Paracanthocephaloides

Scientific classification
- Kingdom: Animalia
- Phylum: Acanthocephala
- Class: Palaeacanthocephala
- Order: Echinorhynchida
- Family: Arhythmacanthidae
- Genus: Paracanthocephaloides Golvan, 1969
- Type species: P. chabanaudi Golvan, 1969

= Paracanthocephaloides =

Genus of parasitic worms

Paracanthocephaloides is a genus in Acanthocephala (thorny-headed worms, also known as spiny-headed worms).

==Taxonomy==
The genus was described by Golvan in 1969. The National Center for Biotechnology Information does not indicate that any phylogenetic analysis has been published on any Paracanthocephaloides species that would confirm its position as a unique order in the family Arhythmacanthidae.
P. chabanaudi is the type species.

==Description==
Paracanthocephaloides species consist of a proboscis covered in hooks and a long trunk without spines.
==Species==
The genus Paracanthocephaloides Golvan, 1969 contains six species.
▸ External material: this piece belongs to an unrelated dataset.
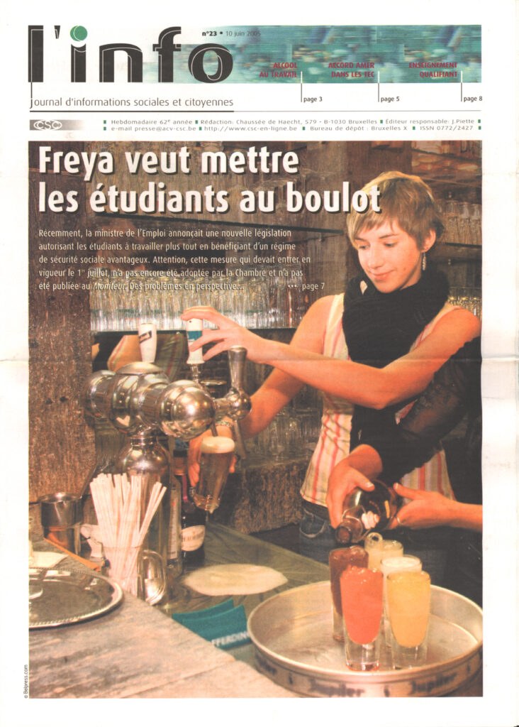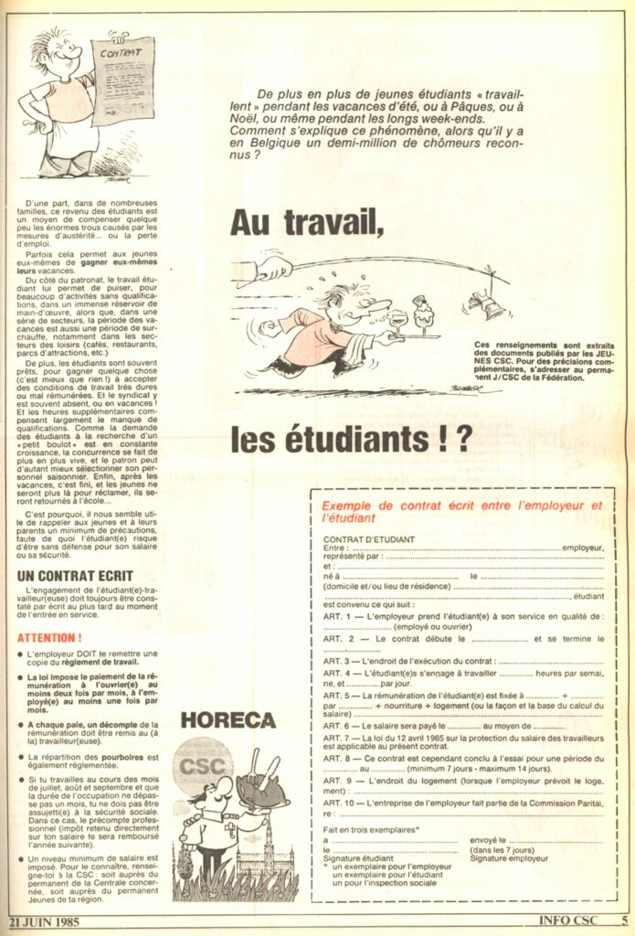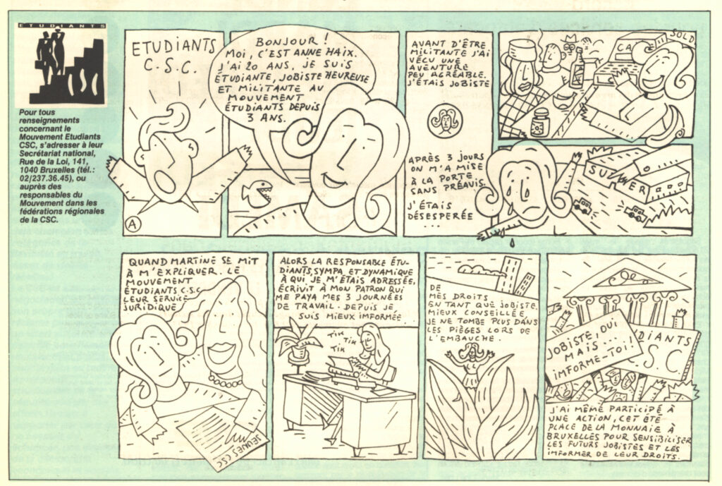 Le journal de la CSC, Info CSC, consacre régulièrement une page pour informer les étudiants jobistes

- Paracanthocephaloides bartonae Smales, 2022
Found in Australia and has 14 to 16 rows of 3 large, 7 spiniform hooks on their proboscis.
- Paracanthocephaloides chabanaudi (Dollfus, 1951)
- Paracanthocephaloides hustoni Smales, 2022
Found in Australia and has 12 rows of five to six hooks, two of which are large, and three to four are spiniform.
- Paracanthocephaloides incrassatus (Molin, 1858) Meyer, 1932
- Paracanthocephaloides shamsiae Smales, 2022
Found in Australia and has 12 rows of five to six hooks, two of which are large, and three to four are spiniform.
- Paracanthocephaloides tripathii Golvan, 1969

==Distribution==
The distribution of Paracanthocephaloides is determined by that of its hosts.

==Hosts==

Life cycle of Acanthocephala.

The life cycle of an acanthocephalan consists of three stages beginning when an infective acanthor (development of an egg) is released from the intestines of the definitive host and then ingested by an arthropod, the intermediate host. Although the intermediate hosts of Paracanthocephaloides are ???. When the acanthor molts, the second stage called the acanthella begins. This stage involves penetrating the wall of the mesenteron or the intestine of the intermediate host and growing. The final stage is the infective cystacanth which is the larval or juvenile state of an Acanthocephalan, differing from the adult only in size and stage of sexual development. The cystacanths within the intermediate hosts are consumed by the definitive host, usually attaching to the walls of the intestines, and as adults they reproduce sexually in the intestines. The acanthor is passed in the feces of the definitive host and the cycle repeats. There may be paratenic hosts (hosts where parasites infest but do not undergo larval development or sexual reproduction) for Paracanthocephaloides.

Paracanthocephaloides parasitizes animals. There are no reported cases of Paracanthocephaloides infesting humans in the English language medical literature.